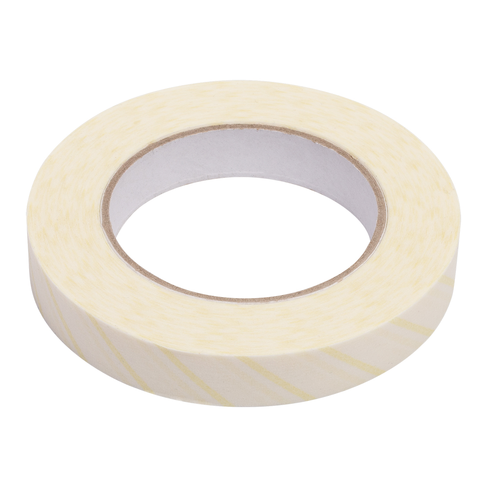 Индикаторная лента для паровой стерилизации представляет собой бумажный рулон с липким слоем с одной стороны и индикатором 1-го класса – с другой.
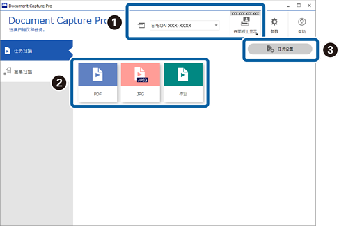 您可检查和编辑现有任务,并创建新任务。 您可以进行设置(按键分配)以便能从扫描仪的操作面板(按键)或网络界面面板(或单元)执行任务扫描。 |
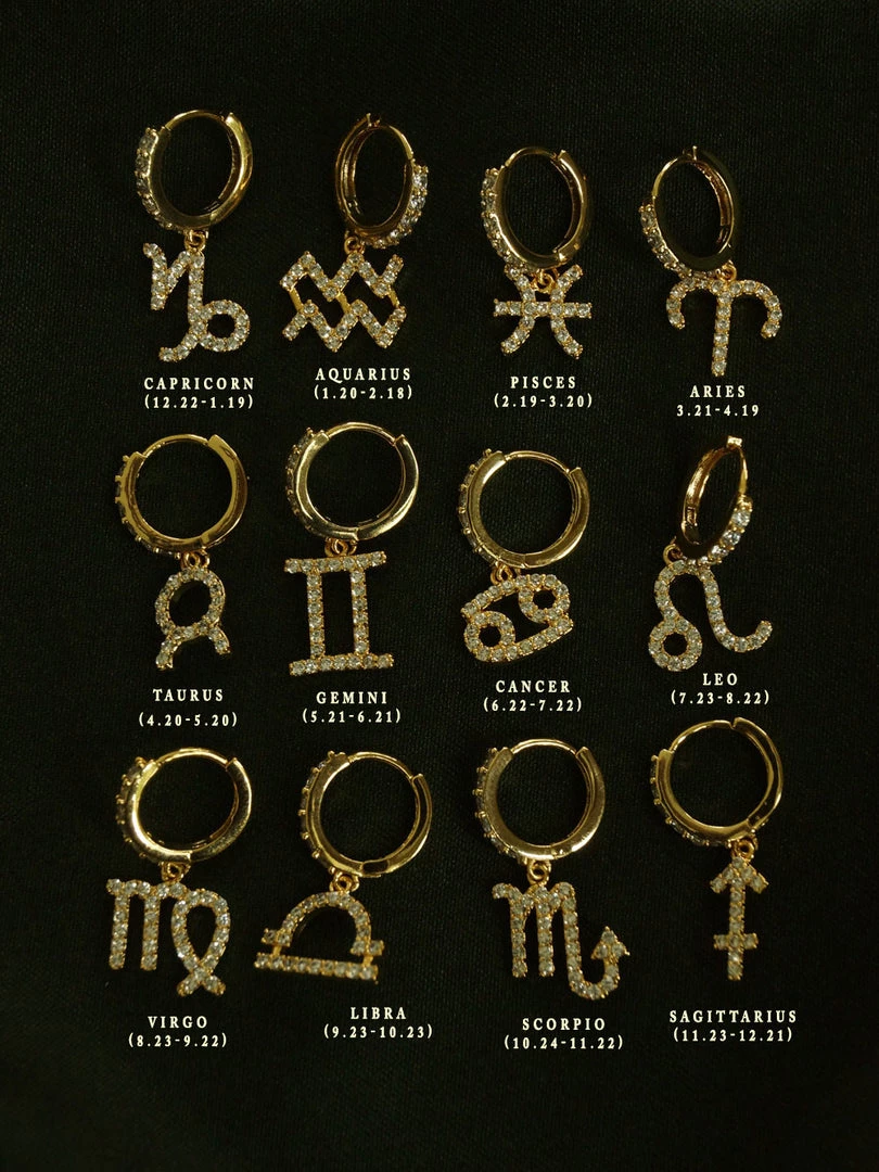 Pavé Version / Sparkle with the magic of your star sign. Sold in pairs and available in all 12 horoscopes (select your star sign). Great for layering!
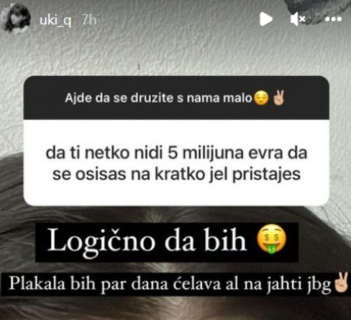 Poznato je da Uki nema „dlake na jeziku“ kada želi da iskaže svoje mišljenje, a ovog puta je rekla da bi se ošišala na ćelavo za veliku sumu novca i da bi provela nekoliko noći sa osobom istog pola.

□ □ □ □ □ □ □

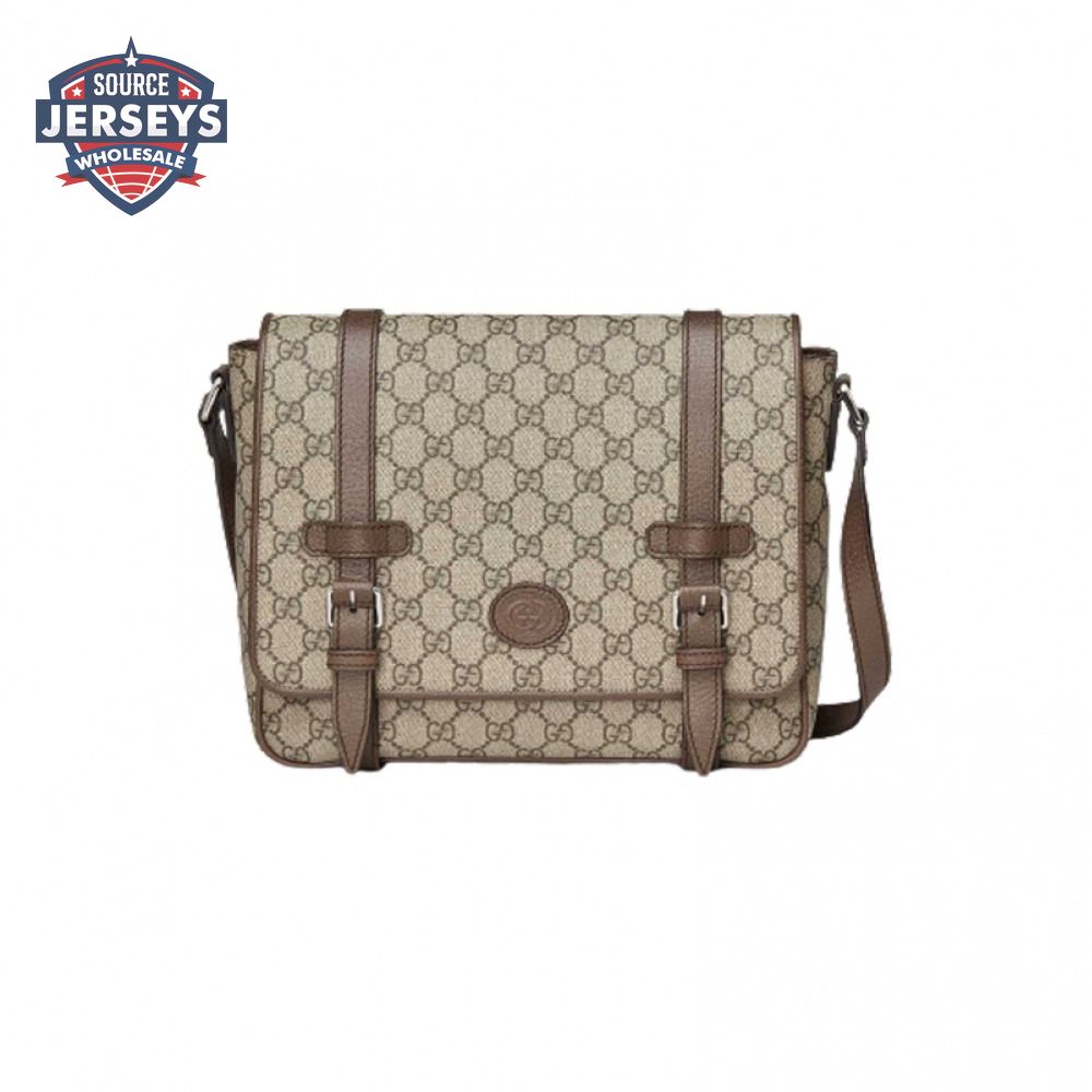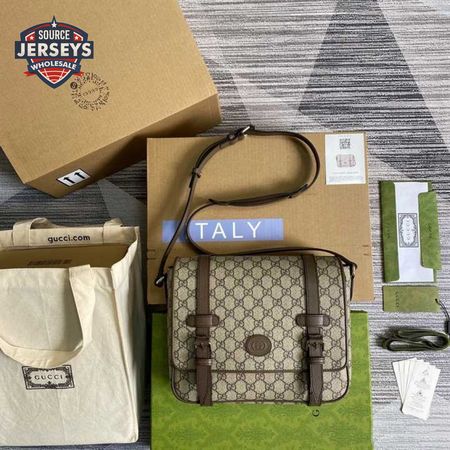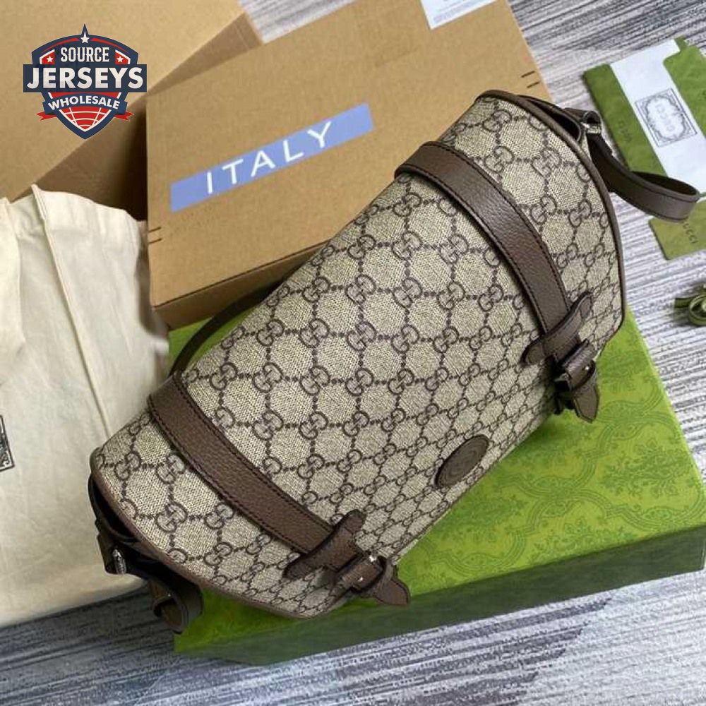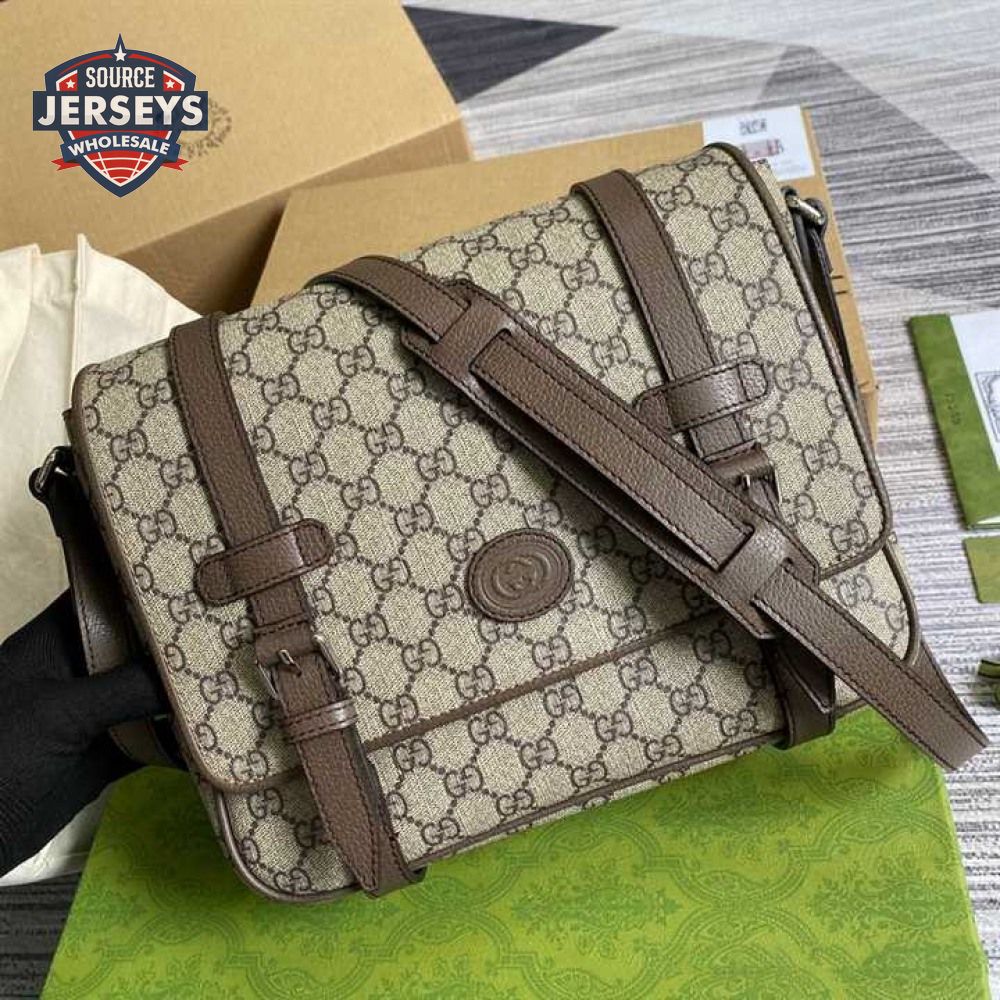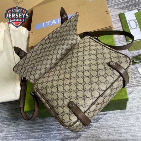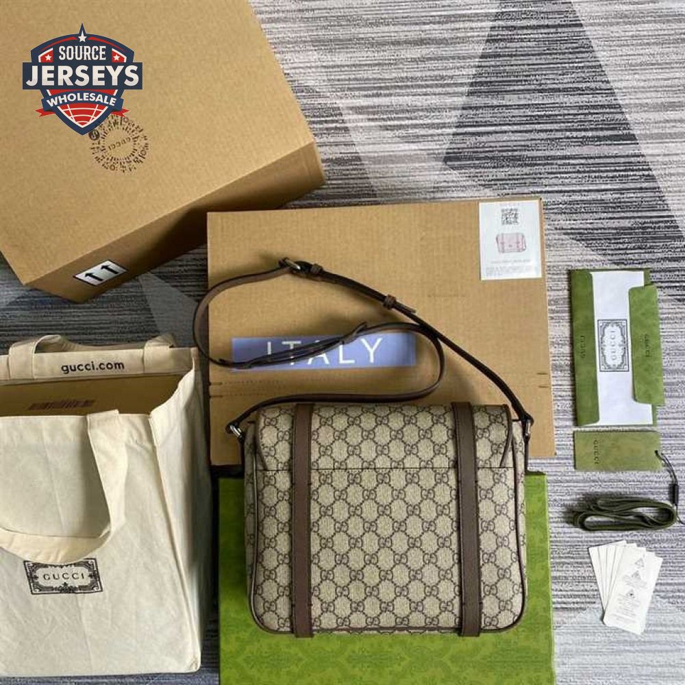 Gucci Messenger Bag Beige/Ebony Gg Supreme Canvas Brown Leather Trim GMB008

□ □ □ □ □ □ □

▶ _What you need to do_
Using the data above, copy exactly the lines from the one containing "Индикаторная лента для" to the one containing "Poznato je da", inclusive. Exclude the pictures.

▶ _Solution to the problem_
 Индикаторная лента для паровой стерилизации представляет собой бумажный рулон с липким слоем с одной стороны и индикатором 1-го класса – с другой.
 您可检查和编辑现有任务,并创建新任务。 您可以进行设置(按键分配)以便能从扫描仪的操作面板(按键)或网络界面面板(或单元)执行任务扫描。 |
 Pavé Version / Sparkle with the magic of your star sign. Sold in pairs and available in all 12 horoscopes (select your star sign). Great for layering!
 Poznato je da Uki nema „dlake na jeziku“ kada želi da iskaže svoje mišljenje, a ovog puta je rekla da bi se ošišala na ćelavo za veliku sumu novca i da bi provela nekoliko noći sa osobom istog pola.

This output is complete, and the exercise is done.